I use the vanilla logging library in python - it's a bit hard to set up if you want custom formats (and different formats in a file and on the console). But regular formatting is no problem and rapidly done.

import logging

    # ...
    self.logger = logging.getLogger(name="Data")
    logging.basicConfig(level=logging.DEBUG)

    # ...
    self.logger.debug(self.args)

The output is something like:

DEBUG:Data:Ctor OK.
DEBUG:Data:Setting up handle
DEBUG:Data:Getting 100 numbers

A good idea might be to parse the arguments before setting up logging in case you want to control the log level(s) to show.

The doctest

At the start of the file

#!/usr/bin/python

"""
An example with the typical python ingredients I often use.

These are the doctests for the module.

We first set it up and create some comma separated values:
    >>> filename = '/tmp/mydata.csv'
    >>> dm = DataMaker()
    >>> dm.parse_args('--mini 100 --maxi 100 --drift 0 --numbers 3'.split(' '))
    >>> handle = open(filename, 'w')
    >>> dm.setup_handle(handle)
    >>> dm.get_sample()
    >>> handle.flush()
    >>> handle.close()

We now open the created file and store the contents in a list called lines
    >>> f = open(filename, 'r')
    >>> lines = list()
    >>> for line in f: lines.append(line)

There are three lines plus a header
    >>> len(lines) == 4
    True

The first value is 100
    >>> float(lines[1].split(',')[1].strip()) == 100
    True

The last value is 100
    >>> float(lines[-1].split(',')[-1].strip()) == 100
    True
"""

I'm not sure if it is a good idea - but I use an argument to start the tests if that is what the user wants.

    if dm.args.test:
        import doctest
        res = doctest.testmod()
        print("Tested %s cases, %s failed." % (res.attempted, res.failed))
        exit(0)

I am running it with the Python Code Coverage Module to also measure how effective my doctests are.:

~/tmp$ coverage run template.py --test
[...]
Tested 14 cases, 0 failed.

~/tmp$ coverage report -m
Name       Stmts   Miss  Cover   Missing
----------------------------------------
template      65      5    92%   125-129

The csv file

I haven't used the csv lib much, but I'd like to start learning it - I tend to store huge amounts of csv files at work.
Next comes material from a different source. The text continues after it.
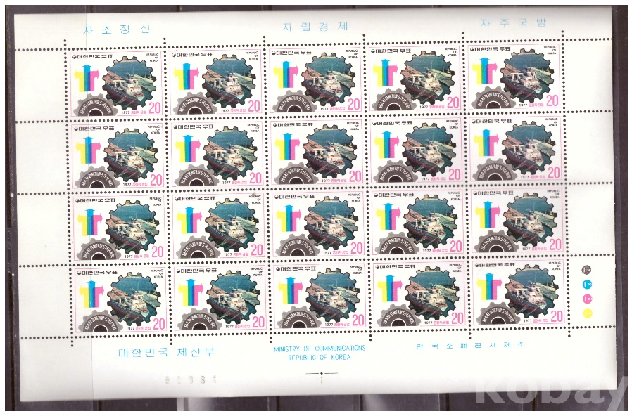 (한국전지) 1977.1.20 제4차 경제개발 5개년 계획 -중화학공업 sheet of 20 MNH

But I have just used a regular handle and taken care of my semicolons and commas. Setting it up is pretty simple:

import csv

    #...
        self.writer = csv.writer(filehandle)
        self.write(('timestamp', 'left', 'middle', 'right'))
        #...
        self.writer.writerow([item for item in line])
        #...

The gzip

Using gzip is in fact pretty simple in python:

import gzip
handle = gzip.open('data.gzip', 'wb')
_ = [handle.write("data: %s\n" % d) for d in xrange(8)]
handle.flush()
handle.close()

And I have discovered that zcat, for me, is almost as nice as the gunzip command:

$ zcat data.gzip
data: 0
data: 1
data: 2
data: 3
data: 4
data: 5
data: 6
data: 7

Running it

Run the script with some arguments

$ python template.py --mini 10 --maxi 50 --numbers 20 --drift 1
DEBUG:Data:Namespace(drift=1.0, maxi=50, mini=10, numbers=20, test=False)
DEBUG:Data:Ctor OK.
DEBUG:Data:Setting up handle
DEBUG:Data:Getting 20 numbers

Uncompress the file
$ gunzip -v data.csv.gz 
gzip: data.csv already exists; do you wish to overwrite (y or n)? y
data.csv.gz:	 57.3% -- replaced with data.csv

View and plot with libre office:
$ libreoffice data.csv

The complete recipe for My Python Pattern

#!/usr/bin/python

"""
An example with the typical python ingredients I often use.

These are the doctests for the module.

We first set it up and create some comma separated values:
    >>> filename = '/tmp/mydata.csv'
    >>> dm = DataMaker()
    >>> dm.parse_args('--mini 100 --maxi 100 --drift 0 --numbers 3'.split(' '))
    >>> handle = open(filename, 'w')
    >>> dm.setup_handle(handle)
    >>> dm.get_sample()
    >>> handle.flush()
    >>> handle.close()

We now open the created file and store the contents in a list called lines
    >>> f = open(filename, 'r')
    >>> lines = list()
    >>> for line in f: lines.append(line)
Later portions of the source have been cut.